What do you do after fucking the loosest pussy ever Close the casket
Roses or daises? Now I know what flowers to put on your casket when I murder that pussy
Attended my bosses funeral to pay my respect, on my way out I leant over his casket and whispered lightly.....'Well look whos thinking Outside the box now'.....
What's the worst thing to say at a funeral? "Hi guys, welcome to my unboxing video!"
(This is a cruel joke, do not say this to anyone it just popped up in my mind)
Roses are Red Violet's are blue yo grandma died, yo dad left you too, now you living with yo old grandma coot. 'oh' let's not forget yo mom left you to, you gon live alone, die alone, with no roses on yo casket too.
Luckily his funeral was a closed casket, sorry his car blew a gasket
I suck his dick with a smile for hours at a time Stare at his nutsack while I hold back my cum tonight And when he ask me what position I say, "Doggystyle" (And when they ask me what position I say, "Doggystyle") But the fact is I can never get off of his fat dick And all that they can ask is (Ask is, ask is) "I just wanna smack it" (I just wanna smack it)
Here's what the fact is He can put my asshole in a casket (Yuh, yuh, yuh) Asshole in a casket
So you can see I'm cummin' But you won't see me nut And I'll just keep on suckin', I'm good (Yeah, I'm good) And if he sucks my glizzy I will become dizzy But it keeps us busy, I'm good (Yeah, I'm good) I've been twerking for boys for so long I'vе been flirting with boys for so long My jaw's been hurting for so, so long it's real So long, it's real, so long, it's real
what is the worst thing to do at a funeral the corpse
Did you hear about the man who died of a Viagra overdose? They couldn't close the casket.
What did one casket say to the other casket? It that you coughin'?
so my friend died i was at her casket i said ill see you on the other side so i went to the other side of the casket
Me: *Meets girl, starts to form crush* Me after I get enough courage to talk to her: “Are you a casket lid because I want you on top of me*
“What do you call my friend group?* *Suicide Squad*
I'm sorry and my bad mean the same thing, unless your at a funeral.
Everytime I'm come straight home from work you in the bed sleep and back there dead like a vampire in a casket. Then the next thing I noticed you just came back from the dead in no time dummy.
Sad to think about legend O.G. Mudbone being no longer with us.
I’m only curious how they closed his casket.
Setting: Funeral Home
Customer: Yes I was considering what would be the best option for cheap cremation but I feel that's silly to ask.

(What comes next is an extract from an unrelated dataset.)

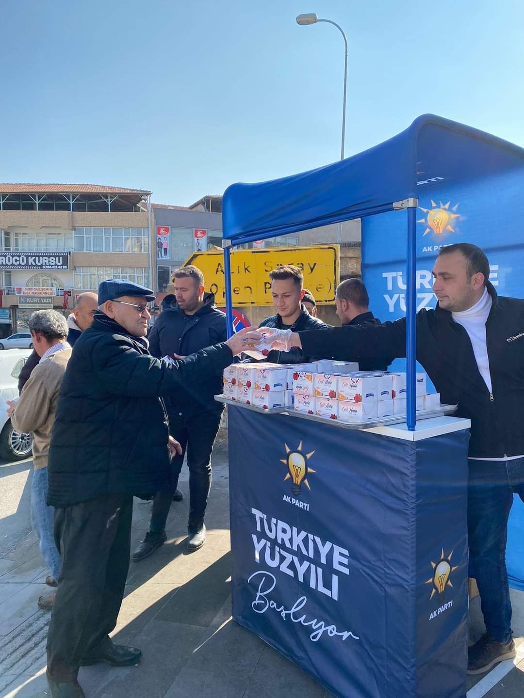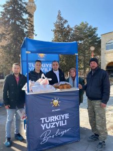 AK Parti Gülşehir Gençlik Kolları Başkanı Yusuf Bozan, yönetimi kurulu üyeleri ve AK Partili gençler ilçede cami çıkışı cemaate kandil simidi dağıttı.

Funeral Director: Oh! We do have these nice urns over hear at a discounted 75 percent off. Customer: Okay? What's the catch. That's almost 300 dollars off?
Funeral Director: I assure you these are top of the line urns and will keep your loved ones remains secure and dry. Customer: Okay?
Funeral Director: Yep these have only been used once so it's is absolutely worth the purchase.
By: MiniMemorials.com
pass around the roses, their casket full of hoses, crash it, watch it, the water! OH SHIT ITS GONNA BLOW
Cremation,
The last chance for a smoking hot body.